Николай Иванович Путилов стоял среди них, отдавая какие-то распоряжения. Издали он показался мне похожим на вожака ватаги степных разбойников, атамана с серьгой в ухе, балагурящего у костра в окружении своей шайки лихих людей. Это был крупный — не тучный, а именно крупный, — кряжистый господин, весь из тугих мышц и жил. На нем не было ни сюртука, ни жилета — лишь простая рубаха, когда-то, видимо, белая, теперь же серая от копоти. Лишь с расстегнутым воротом и закатанными по самые локти рукавами, открывающими мощные, заросшие светлым волосом руки. На шее на простом шнурке болтался медный нательный крест, потемневший от пота и жара.

Его лицо оказалось под стать фигуре — широкое, обветренное, с непокорной рыжеватой бородой, кое-где опаленной искрами металла. Но главное — это его глаза, светлые, почти голубые, они горели такой неистовой энергией, которая, казалось, могла сама плавить металл.

— Николай Иванович! — крикнул я, подойдя ближе, пытаясь перекрыть голосом адский шум.

Он обернулся, смерил меня быстрым, оценивающим взглядом. Я уже был представлен ему Кокоревым в одном из ресторанов, куда он заехал на обед. Знакомство вышло шапочное, но все же.

— Владислав Антонович! — задумался он на мгновение, вспоминая меня. — Слыхал, что вы с Василием Александровичем французам хвост прищемить решили? Дело доброе! Чем могу быть полезен?

— Да вот подыскиваю поставщиков оборудования на золотоносные прииски. Возьметесь? — подойдя вплотную, почти нормальным голосом спросил я.

— Отчего нет? Пройдемте в контору, там и поговорим! — И Путилов широким жестом предложил мне следовать за ним.

«Контора» оказалась небольшой антресолью в том же цеху, чьи перегородки лишь приглушали шипение и уханье парового молота.

— Итак, чем могу служить, господин Тарановский? — любезно спросил Путилов, кидая на меня поверх стола прямой, внимательный и острый взгляд светлых глаз.

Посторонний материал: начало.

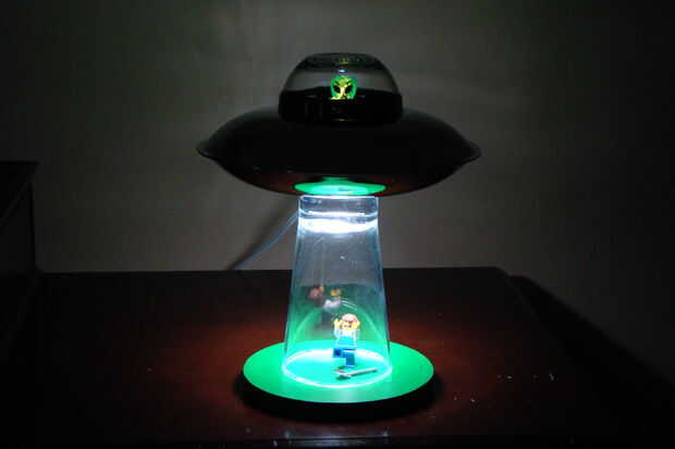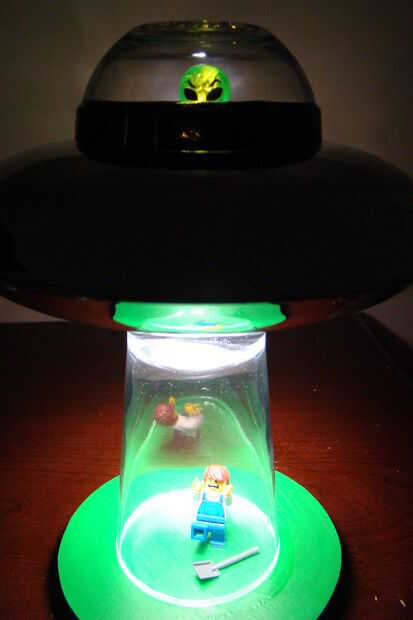 madre si le gusta artículos de novedad, esto es algo que usted puede hacer para ella que no se puede comprar en la tienda - su propio Alien Abuduction Nite Lite con un vuelo extraíble (con hilo de ganchillo) nave espacial!Y Shaun las ovejas es más gr

— Мне нужны паровые насосы, Николай Иванович, — сказал я, стараясь говорить так же просто и по ошибке. — Точнее говоря, две паровые машины, способные перекачивать воду в таких количествах и с таким давлением, чтобы смывать целые кучи земли, щебня и прочего дерна. Это нужно для гидродобычи золота на сибирских реках.

Путилов на мгновение замер, его взгляд устремился сквозь стену цеха, туда, в Сибирь.

— Гидродобыча… — пророкотал он. — Слыхал что-то этакое, про калифорнийский опыт. Чтобы горы смывать… это какая ж силища нужна! Это не воду из трюма качать. Это саму реку вспять повернуть!

— Именно, — кивнул я. — Задача нетривиальная. Потому и пришел к вам. Кроме того, они должны быть просты и ремонтопригодны, снабжены брандспойтами и шлангами не менее ста сажен длиной, и отвечать еще ряду параметров….

Путилов слушал мои разглагольствования, и глазах его разгорался азарт инженера, столкнувшегося с интересной задачей.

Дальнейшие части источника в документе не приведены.